Maraka (Sanskrit: मारक) in Hindu astrology refers to the planet or planets that cause death at the end of a particular life-span; if the assessed life-span is not over they cause accident, ill-health, poverty and misery during the course of their dasha or antra-dasha or in the period of the planet associating/influenced by them. Each lagna has a fixed maraka or marakas. The two luminaries, the Sun and the Moon, and the lord of the 9th house generally do not become marakas. The lords of the 2nd and the 7th house, or the malefic planets occupying anyone of these named houses and associated with their lords are the Primary determinants of death. The Secondary determinants of death are the benefic planets in association with lords of 2nd and 7th house or the lords of the 3rd and 8th house, or the lord of the 3rd or the 8th associating with the lord of the 2nd or the 7th house.
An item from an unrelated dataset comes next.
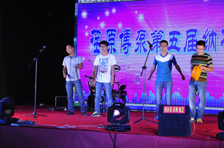 18:00,文藝演出正式開(kāi)始,首先是搖滾樂(lè)隊(duì)帶來(lái)的勁爆歌曲,將晚會(huì)現(xiàn)場(chǎng)帶入了熱烈的氛圍。晚會(huì)上,有抒情懷舊的經(jīng)典老歌,有驚艷柔美的女工舞蹈,有激情四射的魅力街舞,還有新員工自編自演的三句半,更有抒發(fā)對(duì)公司深厚情感的詩(shī)朗誦《騰飛吧,荏原博泵》。有公司領(lǐng)導(dǎo)的獻(xiàn)唱,有普通員工的表演。每一個(gè)節(jié)目,都凝聚了員工的心聲,每一個(gè)節(jié)目都飽含了員工的熱情。在晚會(huì)上,公司常務(wù)副總經(jīng)理王正軍先生深情地說(shuō);今天是個(gè)歡樂(lè)的日子,荏原博泵歷經(jīng)八年的發(fā)展,從現(xiàn)在開(kāi)始已經(jīng)步入了健康發(fā)展的軌道。今年公司訂單已達(dá)五個(gè)億,下一步就是生產(chǎn)、制造、交貨要交給在座各位,希望大家就像一臺(tái)機(jī)器的每個(gè)部件一樣,齊心協(xié)力配合好,公司的經(jīng)營(yíng)成果會(huì)與大家共享!王總也一改往日的豪情,演繹了一首《風(fēng)往北吹》,表現(xiàn)了一個(gè)鐵血男兒柔情的一面。

The Tertiary determinants of death are Saturn associating with any of the afore stated marakas, the lord of the 6th or the 8th associated with a maraka, and the least powerful planet in the horoscope. The transit influences of the Sun, Mars and Jupiter are taken into account for determining the time of death.

Longevity

The results of the good and the bad karmas collected by man between intervals of births become known in this birth, and the pattern of life the aggregate of man’s karma shape are comprehended with the aid of Jyotisha. For the purpose of ascertaining the possible span of life the Amsayu method should be adopted if at the time of birth the Lagna is vested with strength; the Pindayu method, if the Sun is strong, and the Nisargayu method, if the Moon is strong. If at the time of birth the lord of the 8th house counted from the lagna happens to occupy a kendrasthana the person will be long-lived; if the lord of the 8th house or the lord of the lagna is in the 8th house afflicted by inauspicious planets the person will be short-lived.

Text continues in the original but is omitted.